In 1834 recently married John Whitlow from Lower Whitley moved in with his wife and young family. The tithes map of 1846 shows Old Farm still owned by Nathaniel Milner, as part of Moss Hall estate, and occupied by John Whitlow. In Bagshaw’s Directory of 1850 the Old Farm was said to be “a brick fabric, of considerable antiquity” and continued to be farmed by John Whitlow; as it was in 1861 where census returns show him farming 44 acres and employing two labourers. John Whitlow died on 30 July 1867 aged 63 and is buried in the churchyard alongside his wife who lived to the aged of 94. On 31 October 1867 all of the late John Whitlow’s farm stock and implements were put up for auction including ‘choice and well-bred dairy cows.’
In 1868 Old Farm was managed by Abraham Taylor until 1880 when he moved to Hatton and handed over the reins to his son Joseph. The 1881 census records Joseph Taylor, married with a young son, farming 40 acres and employing two labourers. He too followed his father to Hatton, and by 1891 Walter Smith, the unmarried son of Joseph Smith of Stretton Hall, was living there.
This is built on the site of the Old Farm. Walter Smith lived at New Farm for some time before moving to Latchford. In March 1903 he put up all his live and dead stock for auction. In 1911 George Blackshaw had moved from Lane End Farm, Northwich Road and was farming with wife, daughter Bessie and son Frank.
The Moss Hall Estate over around 1,100 acres was sold in 1918 by the Milner family. For more information on their history and landholdings in the area, including Moore see here. The tenant, George Blackshaw, bought the 44 acre farm for £3,800.
By 1939 he had passed the farm over to his son Frank, who was living at New Farm with his wife Margaret and family.
Spark Hall Farm (Stretton Fox)
Spark Hall was built between around 1847 and was named after the field in which it was built. The tithe maps of 1846 show the farmland owned by Peter Leather with his family house in Northwich Road. There was no building on the land at that time. Peter Leather (the elder) was first recorded as living at Spark Hall in 1861; he still also owned Ashfield in Northwich Road. Ten years later the family had suffered and Peter Leather lived at Spark Hall with his young recently motherless daughter, Mary, aged 8. Just eight afterwards in 1879 Peter died, and the house was let out.
By 1882 Philip Darbyshire who had been farming the land was leaving the profession and put all his farm stock, horses, implements, dairy utensils and a proportion of ‘superior and well-made household furniture.’
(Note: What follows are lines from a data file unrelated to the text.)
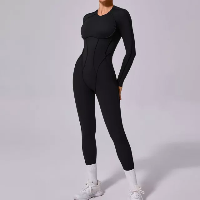 Take your fitness look to the next level with this sleek and sculpting one-piece yoga jumpsuit. Designed for women who want to feel confident, comfortable, and fierce in their workout clothes, this long-sleeve jumpsuit is perfect for everything from yoga sessions to high-intensity training or simply lounging in style. Its body-hugging fit and open-back design blend function and fashion effortlessly, helping you move freely while looking your best.
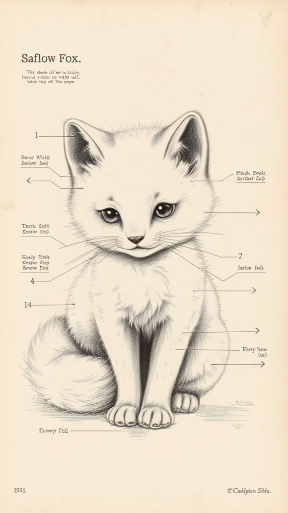 Antique lithograph illustration depicting an intricately detailed schematic of an adorable, soft white snow fox and cat hybrid. The baby creature features the fluffy fur and bushy tail of a snow fox, combined with the playful whiskers and curious eyes of a kitten. Enhanced with artistic embellishments, this sketch captures the essence of the enchanting creature with delicate strokes and subtle shading to emphasize its whimsical nature and the imaginative fusion of its animal features.
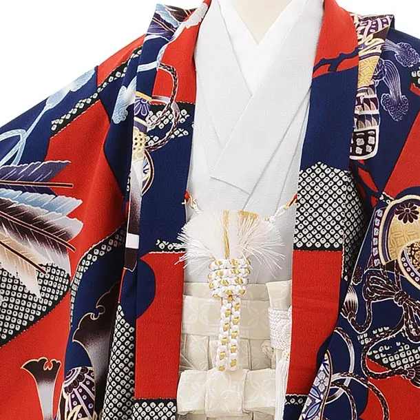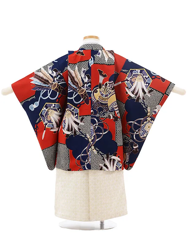 七五三レンタル(3歳男児袴)2458ぷちぷり赤紺市松かぶと
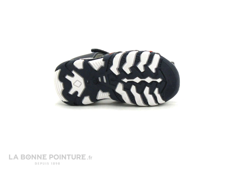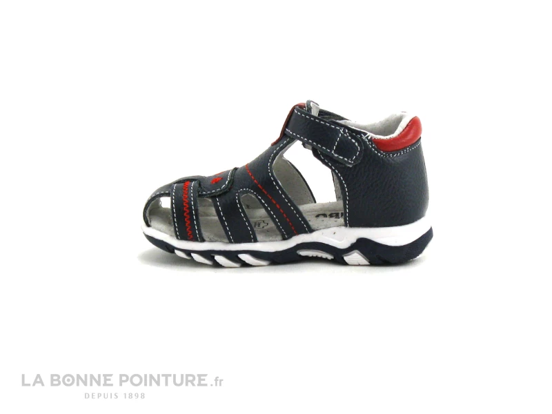 Cette sandale enfant est en cuir grainé bleu marine, avec des empiècements et des coutures rouges.
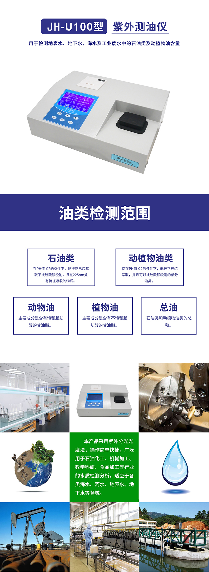 JH-U100型紫外測油儀是我公司依據(jù)國家環(huán)境監(jiān)測技術(shù)規(guī)范要求,結(jié)合我國環(huán)境污染狀況及各*環(huán)境監(jiān)測部門的需要而研發(fā)出的一種高效、環(huán)保、精準(zhǔn)、快捷的測油儀器,它用正己烷萃取劑替代紅外法中已被禁用的四氯化碳萃取劑,符合新國標(biāo)《HJ 970-2018 水質(zhì) 石油類的測定 紫外分光光度法》的要求,該產(chǎn)品操作簡單、精密度好、靈敏度高、性能穩(wěn)定,能滿足用戶的各種應(yīng)用需求。

In 1892 it was farmed by John Renshaw and his new wife Sarah Ann (née Ditchfield), but was unoccupied in 1901. The Renshaw family moved to The Limes in Higher Whitley, before emigrating to Alberta, Canada in 1912.
Whilst it isn’t clear from the invitation above who was living there in 1902, Spark Hall was the setting for a village event to celebrate the coronation of King Edward VII. The day took place as follows:
- 12:30 Children assemble in schools and receive medals
- 1:00 Service in church
- 2:30 Sports and games for boys and girls
- 3:45 Children’s tea
- 5:00 Adults’ tea
- 6:00 Sports and games for men and women
In March 1903 the household appointments and effects were put up for sale. By 1911 Spark Hall was occupied by Lucy Leather, the widow of Peter Leather (son of above), and her family. William Robertson was there in 1914. In 1939 Kelly’s Directory records that George Blackshaw (who was recently widowed) and his unmarried daughter Bessie were living at Spark Hall. Bessie Blackshaw remained at Spark Hall until her death in 1981. In 1995 approval was given to convert the farmhouse into a public house – The Stretton Fox. The land is now farmed from Walnut Tree Farm.